SUPPLIED MATERIAL:
○ ○ ○ ○

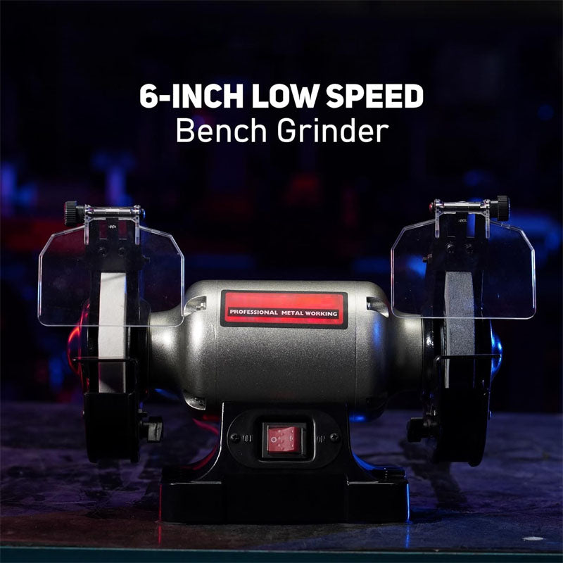 LOW-SPEED: Slow speed bench grinder equipped 1/3HP motor, provides 1750RPM speed, more suitable for accurate grinding operations, making your work more precise
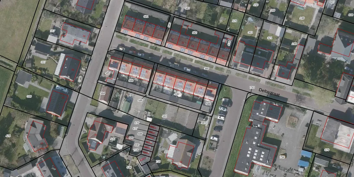 Deltastraat 14 is gelegen op kadastraal perceel OBG00EH590. Deze kadastrale aanduiding is uniek en wordt gebruikt door het Kadaster om eigendomsrechten en andere zakelijke rechten vast te leggen. Het perceel maakt onderdeel uit van de kadastrale gemeente Oostburg.
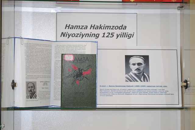 Milliy kutubxonaning ’’O’zekiston” o’quv zalida o’zbek xalqining yangi davr o‘zbek adabiyotining namoyandalaridan biri, shoir va dramaturg, bastakor va rejissyor, ma’rifatparvar-pedagog va jamoat arbobi Hamza Hakimzoda Niyoziyning 125 yilligi munosabati bilan kitob-rasmli ko’rgazma tashkil etildi. 1889 yil 6 martda Qo‘qon shahrida tabib oilasida tavallud topgan Hamza avval eski maktab va madrasalarda o‘qib, fors, arab tillarini, rus-tuzem maktabida esa rus tilini o‘rganishga muvaffaq bo‘lgan. Hamzaning badiiy ijodga qiziqishi barvaqt boshlangan. Hamza 1903 — 1914 yillar orasida Nihoniy taxallusi bilan 197 ta she’r yozib, ularni qo‘lyozma devoni shakliga keltirgan. Bu devonni tashkil etgan she’rlarida Hamza o‘zbek mumtoz adabiyoti an’analarining davomchisi sifatida namoyon bo‘ldi.
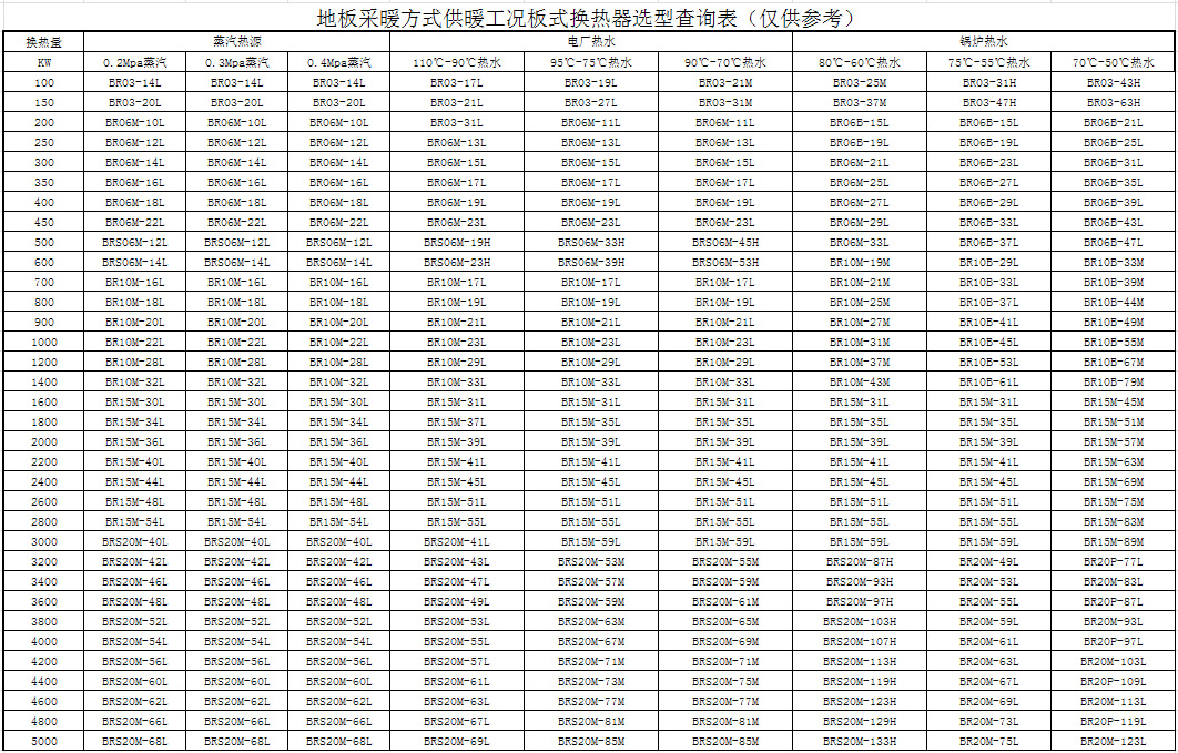 地板采暖方式供暖工况板式换热器选型查询表(仅供参考)
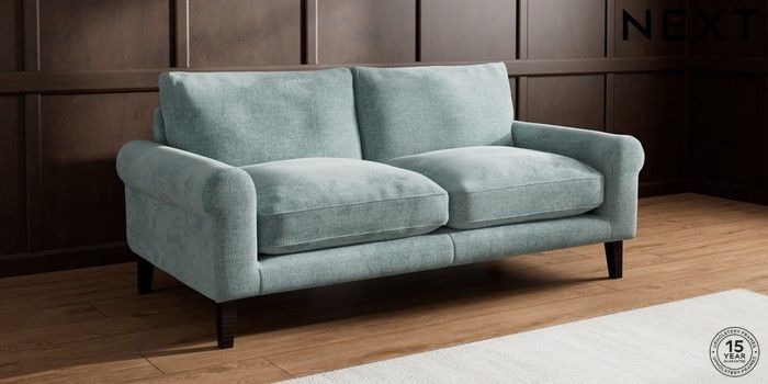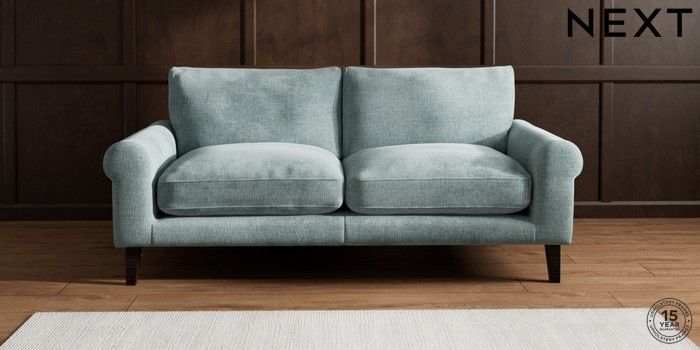 7.2.10 Palermo Relaxed Sit 3 Seater Sofa Chunky Chenille Light Teal Green Tapered - Dark | Made Click here to use our website with more accessibility support, for example screen readers

○ ○ ○ ○

WHAT THE EXERCISE ASKS:
Everything from the opening line of the data through the line with "Deltastraat 14 is" should be repeated exactly; leave the pictures out.

ANSWER TO THE PROBLEM:
 LOW-SPEED: Slow speed bench grinder equipped 1/3HP motor, provides 1750RPM speed, more suitable for accurate grinding operations, making your work more precise
 Deltastraat 14 is gelegen op kadastraal perceel OBG00EH590. Deze kadastrale aanduiding is uniek en wordt gebruikt door het Kadaster om eigendomsrechten en andere zakelijke rechten vast te leggen. Het perceel maakt onderdeel uit van de kadastrale gemeente Oostburg.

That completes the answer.